THE TABLE OF FELLOWSHIP – Bread, Blessed, Broken and Given (Solemnity of the Body and Blood of Christ – June 22, 2025)

Fr Vincent Alfred Asuncion 

In a quiet corner of the hills, far from the noise of cities and the distractions of daily life, thousands gathered around a man who spoke not just with words, but with compassion that fed the soul. These people came with emptiness, some of body, some of spirit, and they found in the presence of Jesus, more than they ever expected. They were met not with scarcity, but with abundance. Not with dismissal, but with welcome. This moment, where five loaves and two fish became a feast for thousands, we are invited to live it anew.

Corpus Christi is not merely a celebration of bread and wine. It is a proclamation that Christ has not left us hungry. He has chosen to remain with us, not as a memory or symbol alone, but as real presence. In every Eucharist, God places himself into our hands. Like those seated in the grass long ago, we too are fed by his presence and generosity. The bread we receive is not just nourishment for the journey; it is love made tangible, divine life and His body. The feeding of the five thousand teaches us something profound about God’s heart. He sees the need of the crowd, and his response is not to send them away, but to draw them in. The disciples saw limits, but Christ saw opportunity. They saw what they lacked; He saw what God could provide. So often in life, we come to God with our hands half-empty. We come bearing only small pieces of faith, broken hopes, leftover time, or wounded love. But God, in his infinite mercy, does not reject small offerings. He blesses them. He breaks them, and he multiplies them.

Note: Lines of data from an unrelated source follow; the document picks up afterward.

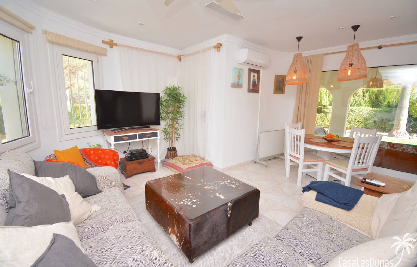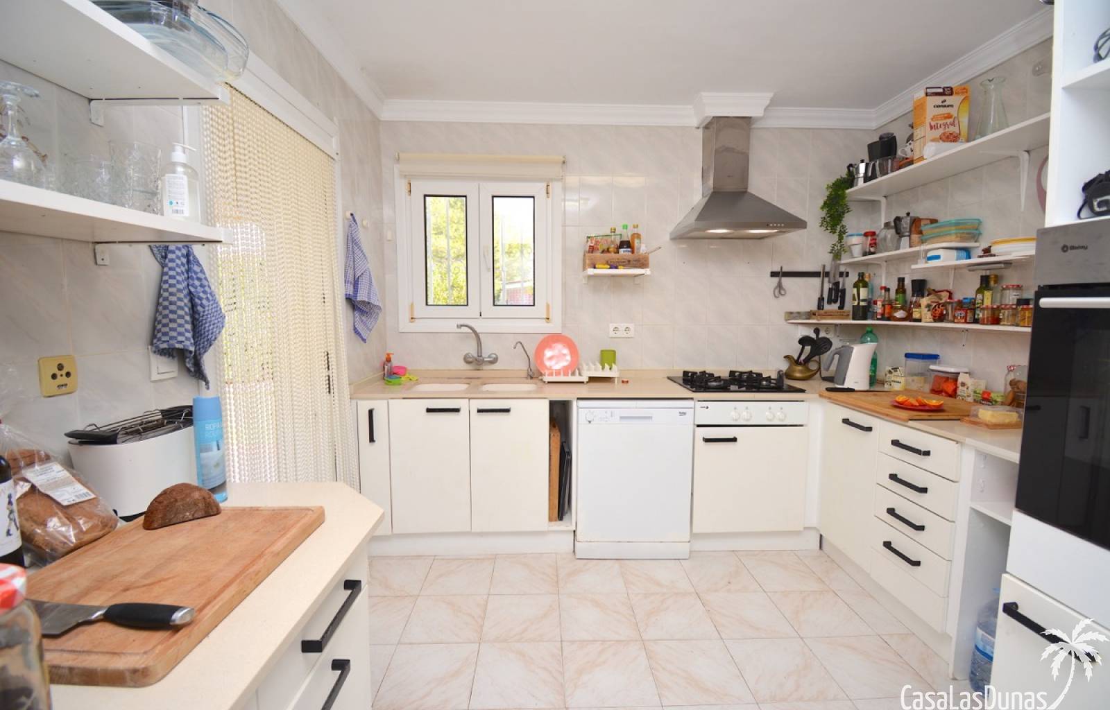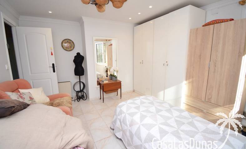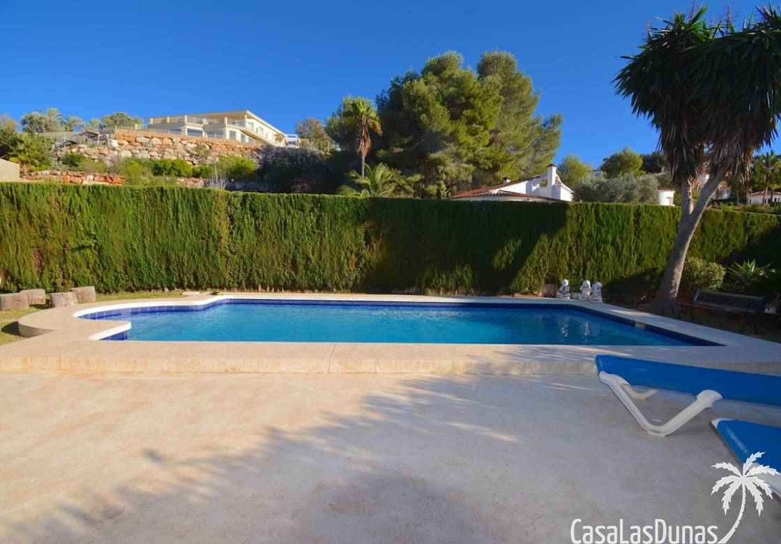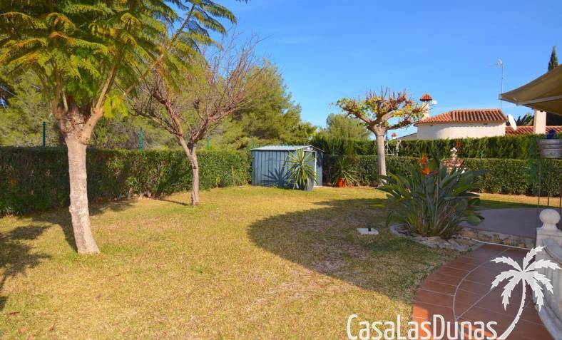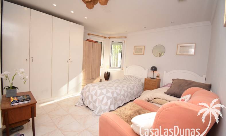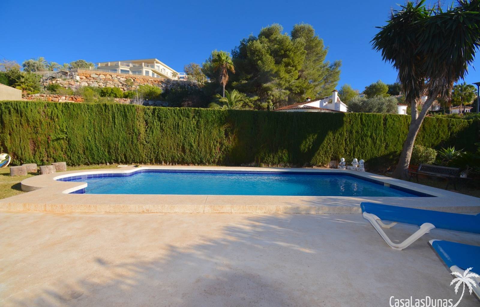 Wunderschöne Villa in begehrter Wohnlage nahe Las Rotas mit guter Anbindung an die Stadt. Das ebene, sonnige 808 m² große Grundstück bietet einen schönen Garten, einen Swimmingpool, einen Grillplatz und eine Garage. Das 160 m² große Haus erstreckt sich über drei Etagen. Der Hauptwohnbereich befindet sich im Erdgeschoss und umfasst zwei separate Apartments, die jeweils über eine Außentreppe erreichbar sind: eines im ersten Stock und das andere im Souterrain. Das Erdgeschoss besteht aus einem hellen Wohn-Esszimmer mit Zugang zur überdachten Terrasse (Naya), einer Küche, zwei geräumigen Schlafzimmern und zwei Badezimmern (eines davon en suite). Im Obergeschoss befindet sich ein Schlafzimmer mit Bad en suite und einer Terrasse mit Blick auf den Montgó und teilweisem Meerblick. Das Souterrain umfasst ein Wohnzimmer, eine Küche, ein Schlafzimmer, ein Ankleidezimmer und ein Badezimmer. Die Villa wurde 1995 erbaut und später renoviert. Sie verfügt über eine Lizenz zur touristischen Vermietung und ist mit einer Split-Klimaanlage (Heizung und Kühlung) ausgestattet.
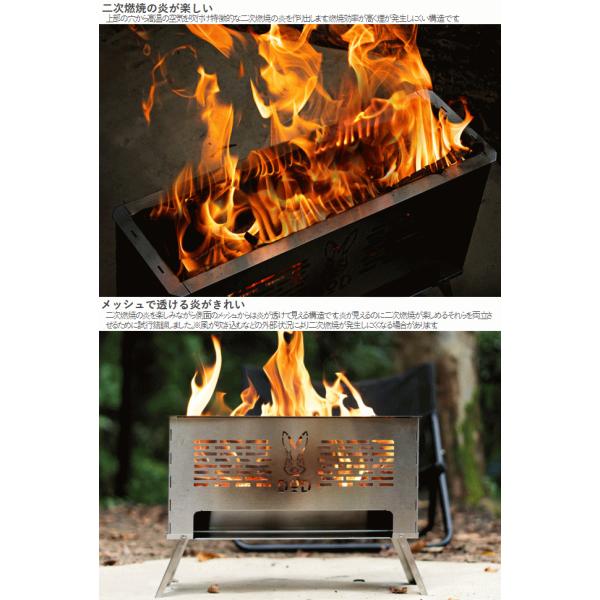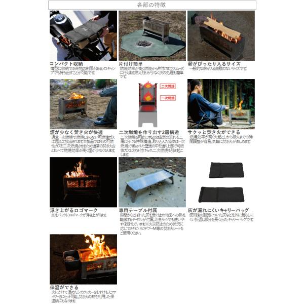 組み立て式でコンパクトになる二次燃焼型の焚き火台。上部の穴から高温の空気を吹付け特徴的な二次燃焼の炎を作り出します。燃焼効率が高く煙が発生しにくい構造です。二次燃焼の炎を楽しみながら側面のメッシュからは炎が透けて見える構造です。炎が見えるのに二次燃焼が楽しめるそれらを両立させるために試行錯誤しました。焼き鳥が焼きやすいように設計された専用の五徳が付属します。長い焼き鳥は向きを変えて置くことができます。燃焼室の下には遮熱板を兼ねたオーブンスペースを配置。ピザやスキレット料理などのオーブン調理が可能です。■カラー:シルバー■サイズ約W49×D15×H32.5cm※五徳を除く■収納サイズ約W50×D32×H4cm■総重量約4.9kg■材質[製品本体、ゴトク、テーブル]ステンレススチール[キャリーバッグ]ポリエステル■静止耐荷重[オーブン]2kg[ゴトク]5kg■セット内容:製品本体(アウター、インナー(長)、インナー(メッシュ)、インナー(短)×2、ロストル、遮熱板)、ゴトク(短)×2、ゴトク(長)×4、テーブル、キャリーバッグ、タイベルト 4582708768155
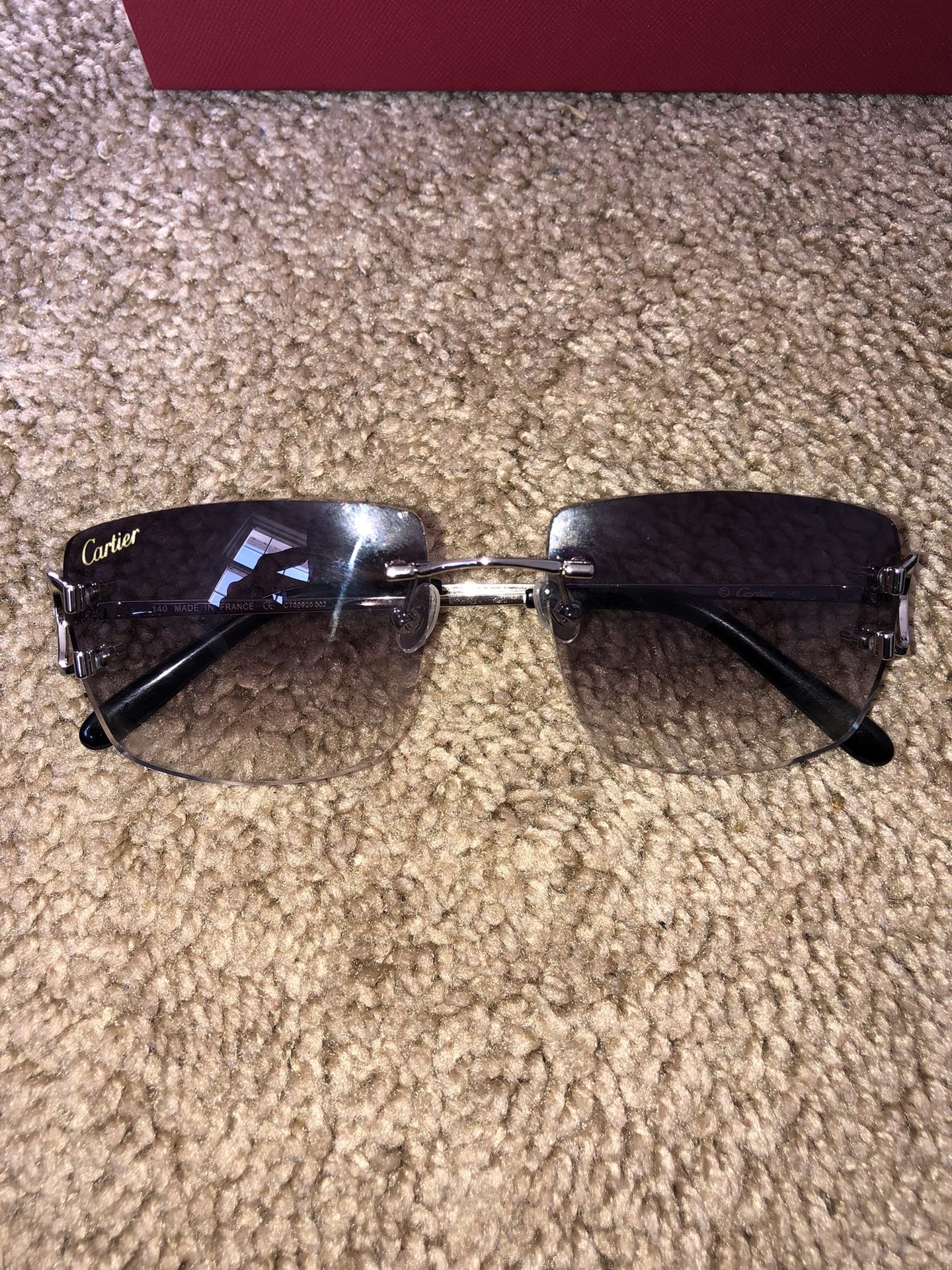 Elevate your style with these stunning Cartier sunglasses. With a silver metal frame and purple tinted glass lenses, these sunglasses are the epitome of luxury. The big C style is perfect for both men and women, and the lens technology ensures maximum protection from the sun's harmful rays. Made in France, these sunglasses are a true testament to the country's reputation for quality. The Cartier brand is synonymous with elegance and these sunglasses are no exception. Add them to your collection today and step out in style.
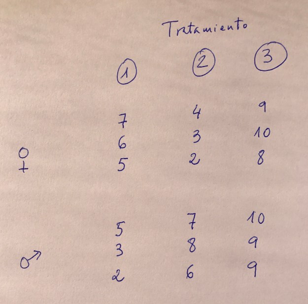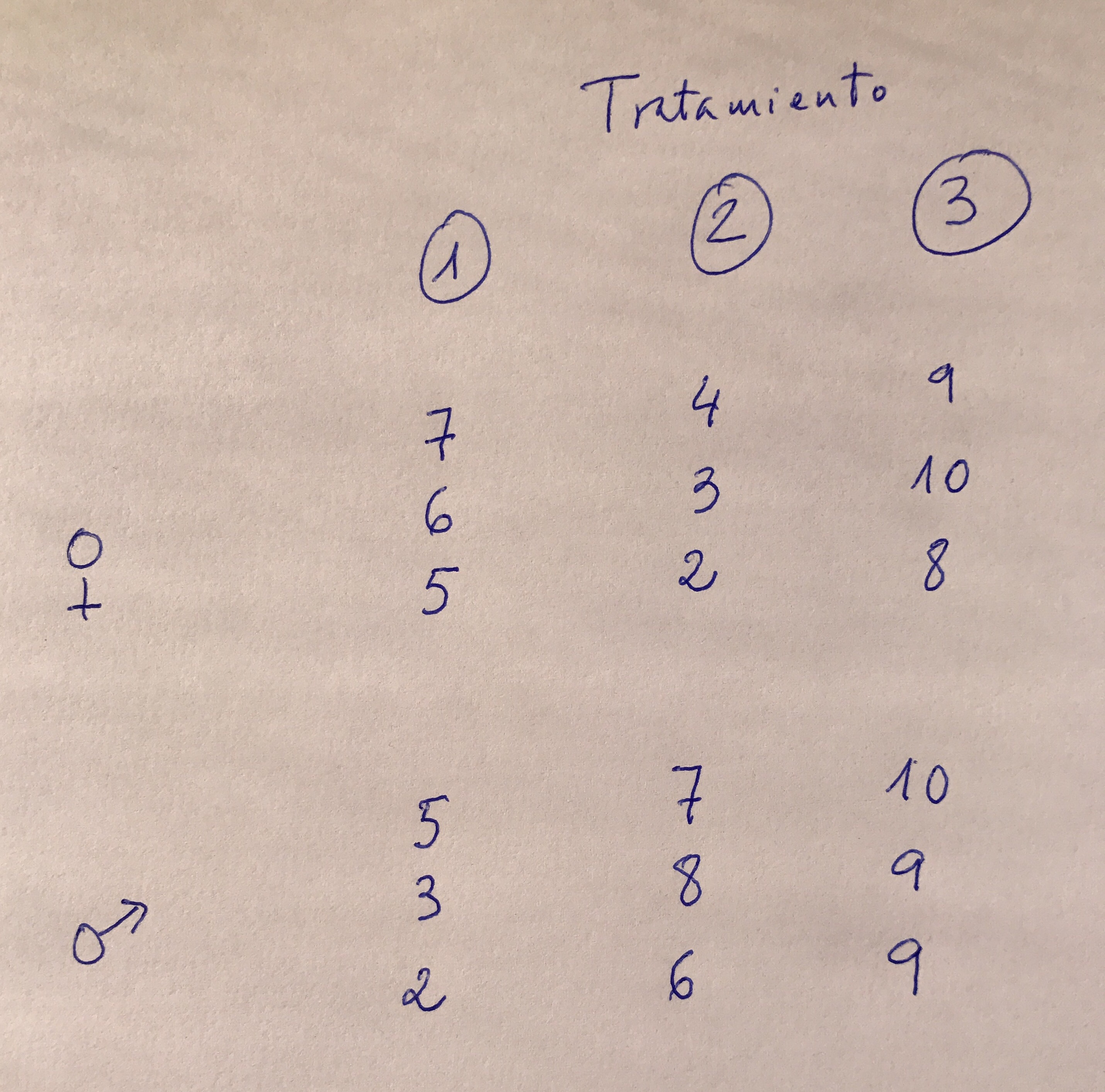 b.Factor Tratramiento: p>0.05. Factor Sexo: p>0.05. Interacción: p<0.05.

This is what we celebrate today: that the same Christ who fed thousands in a remote place now feeds the world from every altar and from every mass. That the gift of himself, His body and His blood, is offered again and again to anyone willing to receive Him. Not because we are worthy, but because He is generous. Because His compassion has no limit and His love has no end. But this gift is not for us to hoard. The Eucharist is never a private meal; it is a communal banquet. It sends us out to be broken and shared for others. When we receive Christ, we are called to become like Him, to be bread for the hungry, healing for the hurting, hope for the despairing. The miracle does not end when Mass concludes. It begins there.

The world still hungers: for meaning, for peace, for justice. We are surrounded by people who, like that crowd in the hills, long for someone to notice, someone to care. And we, fed by Christ, are now sent to feed others. Not always with food, but with presence. With kindness. With truth. With a love that echoes the very heart of God.

Jesus continues to give himself as food and drink to his followers. He also continues to put it up to his followers to take their stand with him, to take in all he stands for, living by his values, walking in his way, even if that means the cross. Whenever we come to Mass and receive the Eucharist, we are making a number of important statements. We are acknowledging Jesus as our bread of life, as the one who alone can satisfy our deepest hungers. We are also declaring that we will throw in our lot with him, as it were, that we will follow in his way and be faithful to him all our lives, in response to his faithfulness to us. In that sense, celebrating the Eucharist is not something we do lightly. Our familiarity with the Mass and the frequency with which we celebrate it can dull our senses to the full significance of what we are doing. Every time we gather for the Eucharist, we find ourselves once more in that upper room with the first disciples, and the last supper with all it signified is present again to us.

So today, as we lift our eyes to the mystery of the Eucharist, let us remember what it truly means: that God is still with us, still feeding us, still inviting us to bring our little so he can do something great. That in our brokenness, God finds the material for miracles.